Какой простор! Книга вторая: Бытие — страница 15 из 90

Многие жители города продавали или обменивали вещи на толчке. Шинели меняли на английские бутсы, бензин на мыло, за поношенные штаны давали буханку ржаного хлеба. Продать можно было все что угодно. Приезжие крестьяне жадно брали любой товар у чахлых, потерпевших житейское крушение людей. На многолюдном майдане стояло множество возов, пахло дегтем, навозом, сеном.

Как-то Ваня продал бородатому дядьке в сермяжной свитке напильник отца, дюжину медных ружейных патронов двенадцатого калибра и настольное зеркало. На вырученные деньги купил буханку хлеба, пшена, две тощие скрюченные воблы.

На базаре Ваня встречал своих одноклассников Нину и Юру Калгановых, сторонившихся его и стыдливо продававших замки в виде фунтовых гирь, встречал и Борю Штанге, постепенно спускавшего из-под полы отцовскую библиотеку.

На базаре часто выступали индусские факиры, египетские маги, китайские волшебники, и Ваня, не чувствуя мороза, часами глядел на их чудеса. Особенно поражал его воображение чародей Рамзес. В него стреляли пять охотников из публики, причем ружья заряжали зрители, а невредимый, улыбающийся Рамзес на лету ловил пули руками, словно жуков, приговаривая при этом: «Пуля дура, а штык молодец».

Он все мог, этот пахнущий водкой великолепный Рамзес: прокалывал себе булавками ладони, прибивал трехдюймовым гвоздем язык к доске, выкуривал, не выпуская изо рта дыма, десяток папирос, глотал живых лягушек, а затем выплевывал их в банку с водой, пил керосин и извергал изо рта огненные струи.

В публике рассказывали о Рамзесе невероятные легенды.
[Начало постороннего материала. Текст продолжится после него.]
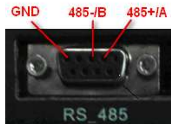
Fig1. RS_485 port definition

The RS_485 definition is shown in Fig 1.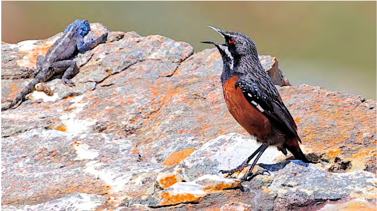
The perky Cape Rockjumper is a sought-after endemic and one of two species that make up a unique bird family found only in South Africa and Lesotho.

Day 5, Wed, 6 Sep. We take a day trip around the very scenic False Bay route to the hamlet of Rooi-Els where a walk of a mile or so along a stony track should produce sightings of the endemic Cape Rock-Jumper along with Ground Woodpecker, Orange-breasted Sunbird, Cape Bunting, White-necked Raven and Cape Rock Thrush. The smallest Protea of them all grows along this track beside colourful Pelargoniums , Helichrysums and Salvias . At the town of Betty's Bay we visit the African Penguin colony at Stony Point which also features four Cormorant species, three of which, the Bank, Cape and Crowned are endemic. We'll also spend some quality time in the lovely Harold Porter Botanical Garden with its natural fynbos vegetation and attractive views of the mountains and ocean before returning to our hotel for Dinner. Night at The Vineyard Hotel.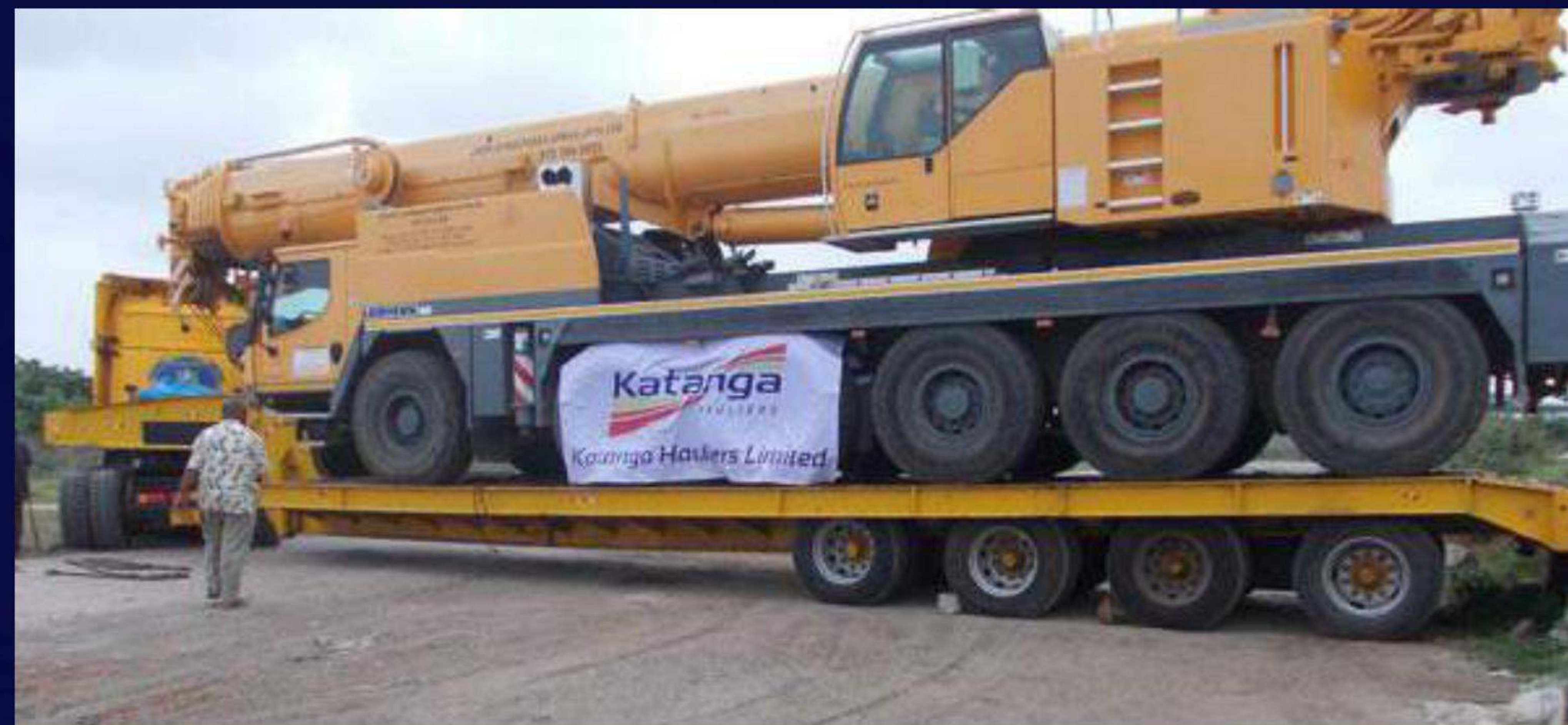
▶ JYOTHI STRUCTURE - 50 TON CRANE DELIVERY FROM DAR TO DODOMA ◀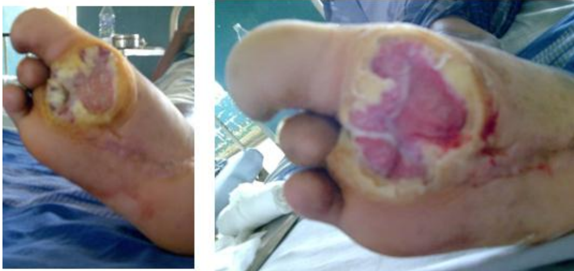
Figure 5 .Pressure sore of the foot healed with sugar dressing

Говорили, что он несколько раз уходил на волю из тюремной камеры, а в Киеве его будто бы заковали в ручные и ножные кандалы и бросили с моста в Днепр, но через минуту он уже избавился от тяжелых цепей и выплыл на берег к ожидавшим его тысячам людей.

«Хорошо бы поступить подручным к Рамзесу и научиться всей его премудрости», — подумывал мальчик.

На вырученные от продажи вещей деньги Ваня покупал бутылку молока, несколько картофелин или яблок и, послушав псалмы и думы слепых бандуристов и лирников, чистыми голосами певших о казачьих походах, о женских разлуках с мужьями, сынами и нареченными, стремительно мчался домой. У растопленной плиты его нетерпеливо ждала сестренка.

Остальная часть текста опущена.